Change-Id: Ifb36d010a4ac64c765517e15b9074424ec19cc60
---
 src/auc.c | 114 +++++++++++++++++++++++++++++++++++++++++++++-----------------
 1 file changed, 84 insertions(+), 30 deletions(-)

(limited to 'src')

diff --git a/src/auc.c b/src/auc.c
index a307931..f4d19a0 100644
--- a/src/auc.c
+++ b/src/auc.c
@@ -18,6 +18,7 @@
  */
 
 #include <string.h>
+#include <inttypes.h>
 
 #include <osmocom/core/utils.h>
 #include <osmocom/crypt/auth.h>
@@ -25,6 +26,9 @@
 #include "logging.h"
 #include "rand.h"
 
+#define hexb(buf) osmo_hexdump_nospc((void*)buf, sizeof(buf))

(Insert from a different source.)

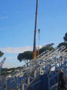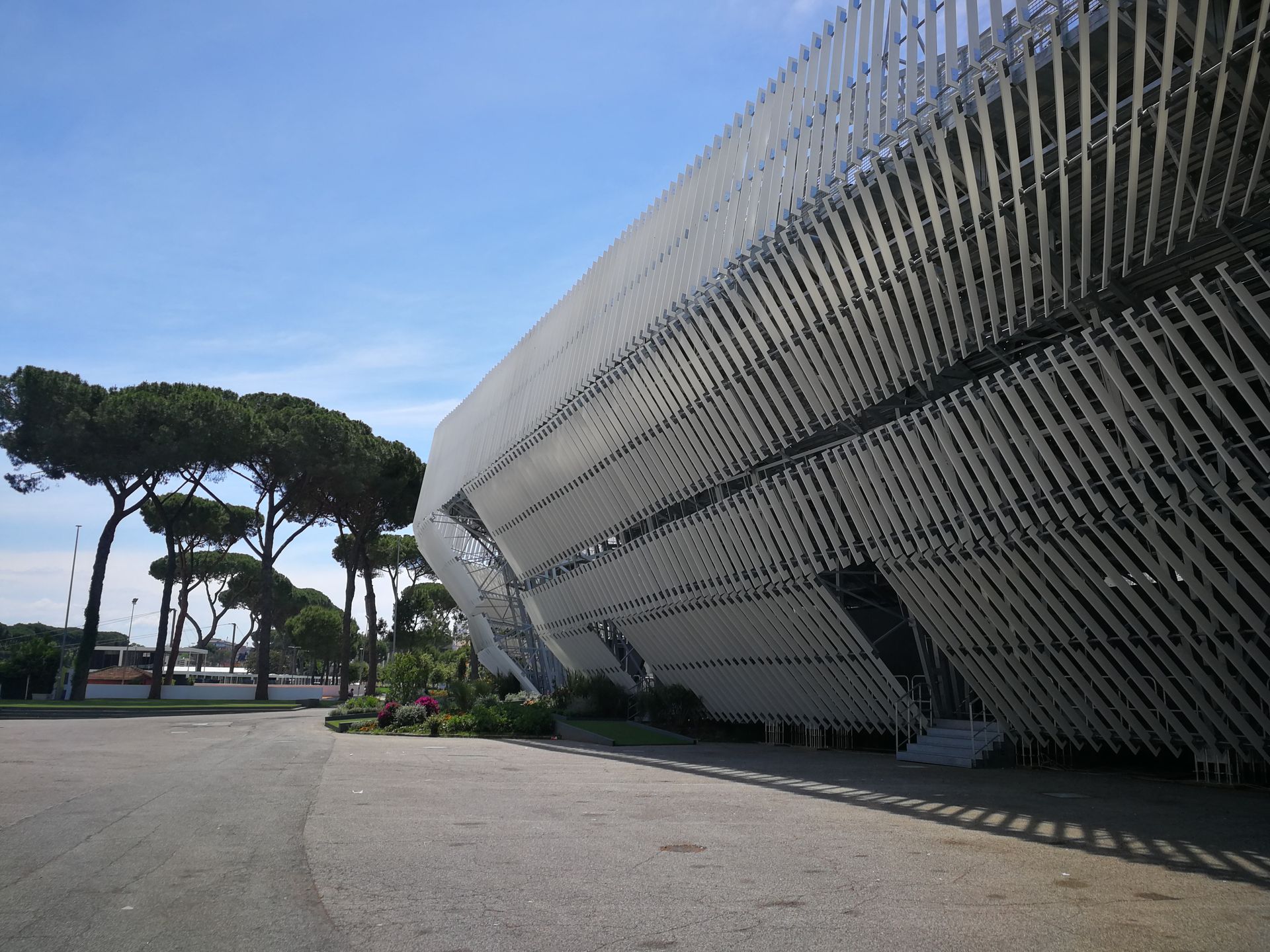 La scelta dell’acciaio si è rivelata vincente permettendo di realizzare una struttura senza fondazioni, configurabile in base agli eventi, smontabile e trasferibile per altri utilizzi. In.tech spa si è aggiudicata la realizzazione dell’opera nel 2017, vincendo una gara che prevedeva, oltre alla realizzazione, anche l’affidamento del servizio di noleggio decennale dello stadio, comprensivo dell’installazione della struttura.

+#define hex(buf,sz) osmo_hexdump_nospc((void*)buf, sz)
+
 /* compute given number of vectors using either aud2g or aud2g or a combination
  * of both.  Handles re-synchronization if rand_auts and auts are set */
 int auc_compute_vectors(struct osmo_auth_vector *vec, unsigned int num_vec,
@@ -34,8 +38,17 @@ int auc_compute_vectors(struct osmo_auth_vector *vec, unsigned int num_vec,
 {
 	unsigned int i;
 	uint8_t rand[16];
+	struct osmo_auth_vector vtmp;
 	int rc;
 
+	/* no need to iterate the log categories all the time */
+	int dbg = log_check_level(DAUC, LOGL_DEBUG);
+#define DBGP(args ...) if (dbg) DEBUGP(DAUC, ##args)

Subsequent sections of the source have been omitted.